The Teletracking Technologies Inc invention works as follows

Disclosed embodiments include methods, systems, and media that allow for the transmission and reception of digital data via a variety of channels. One or more networks may be used to receive data from multiple sources. Some embodiments include a method of assigning a geographical area to data from multiple sources. This geographic area corresponds to one or more locations that are associated with the data. Disclosed embodiments can also include determining the health effects of a predetermined place based on data and associated geographical locations. The disclosed embodiments can also include the generation, through querying a predetermined database, of instructions that address the health effects for the predetermined place, the instructions including an act and an associated device. The disclosed embodiments can also include the transmission to the associated device of the instructions.

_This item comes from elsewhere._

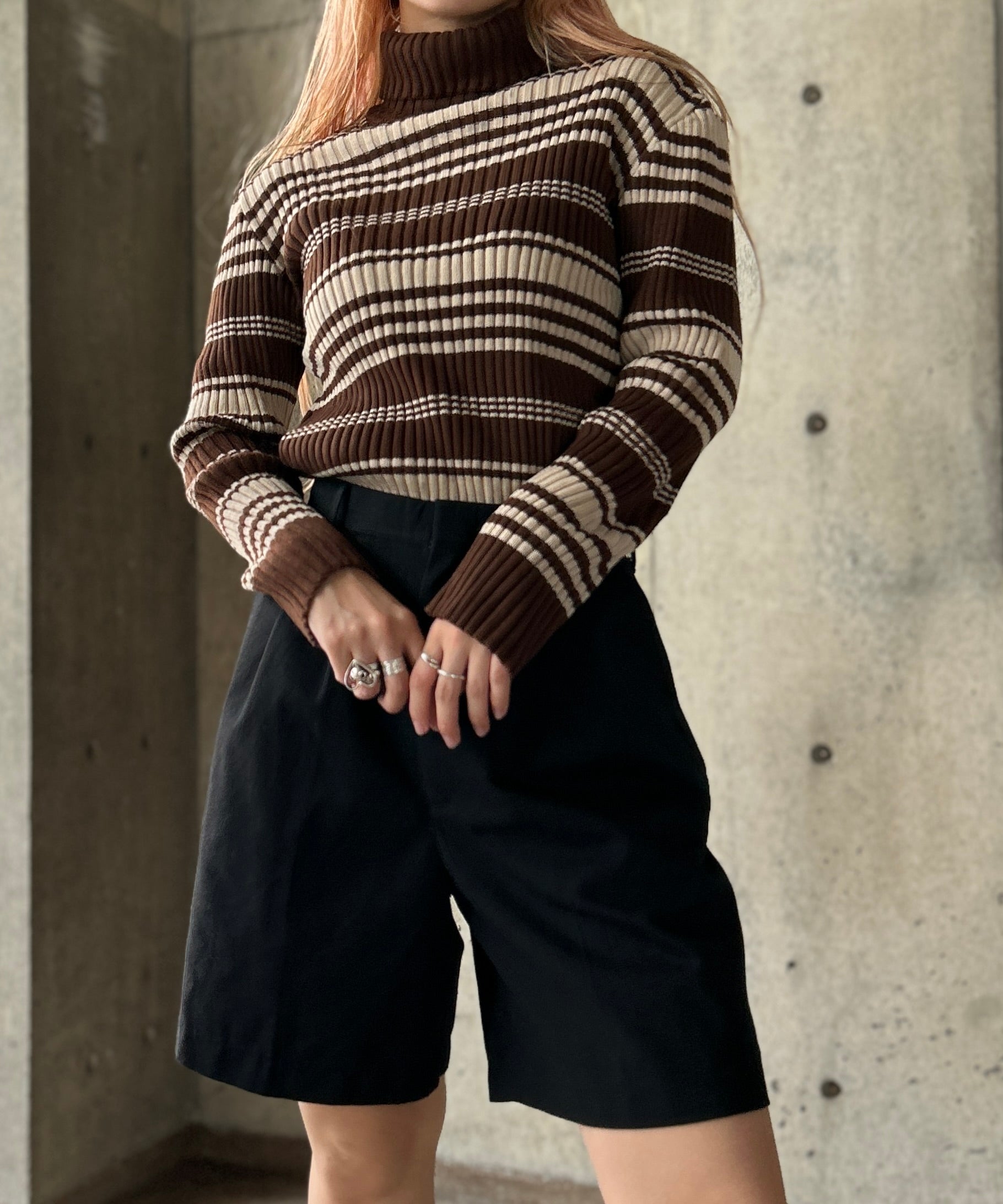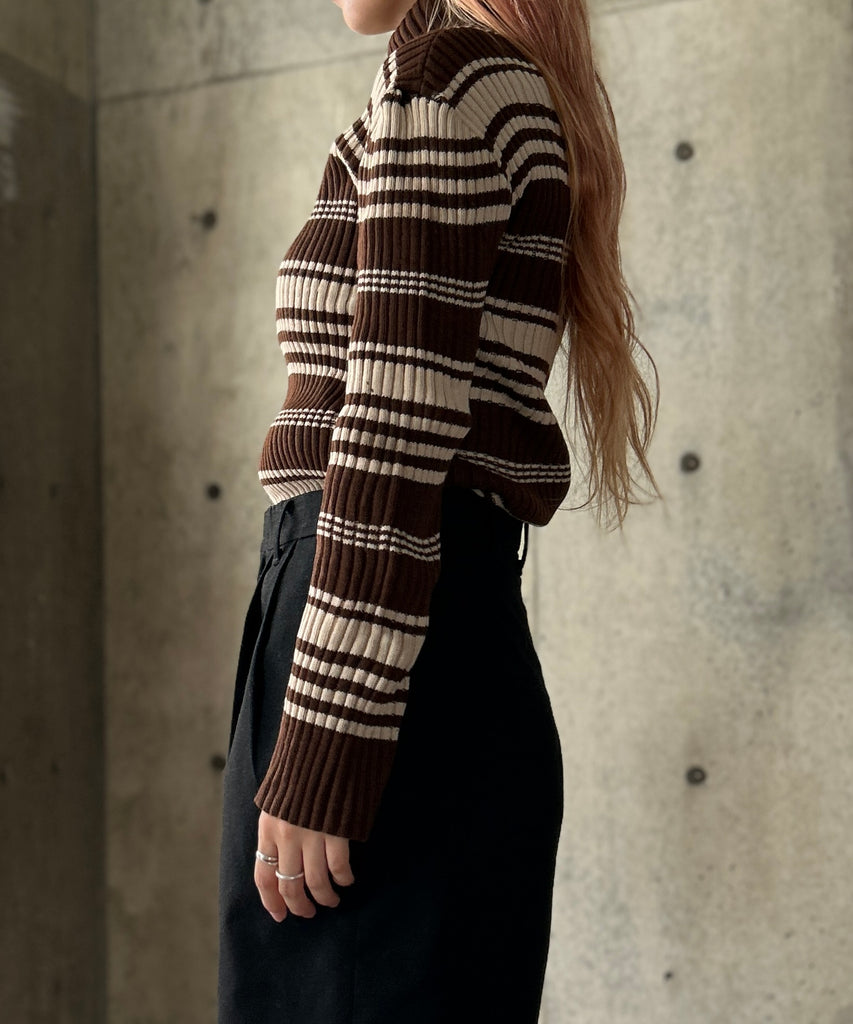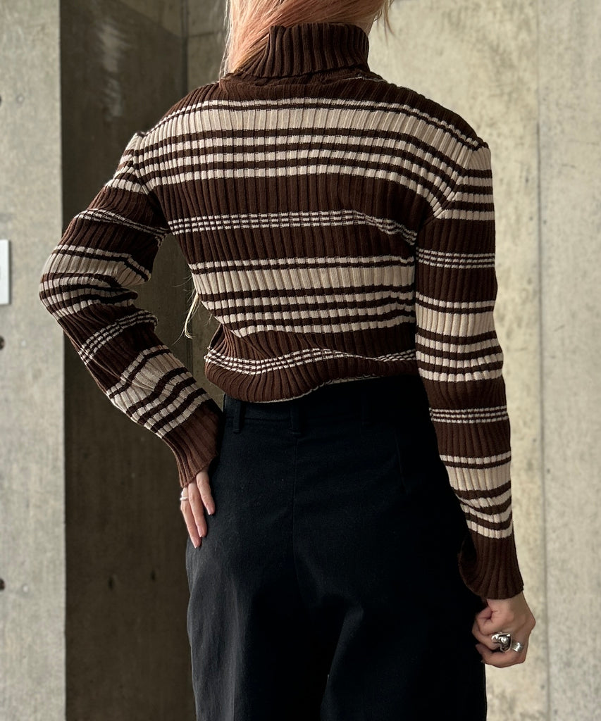 ボーダー柄のタートルニット。

Background for Systems and Methods for Real-Time Transmission of Digital Data Using a Variety of Channels

Current computing systems might have limited data sources. Some institutional computing systems, for example, may have a limited number of data sources through which they can transmit, receive, or process data. Systems may need a particular portal to access data. This may be required in order to make it usable by business systems. Electronic records can be restricted in other contexts such as healthcare. Information may only be received through one data entry point.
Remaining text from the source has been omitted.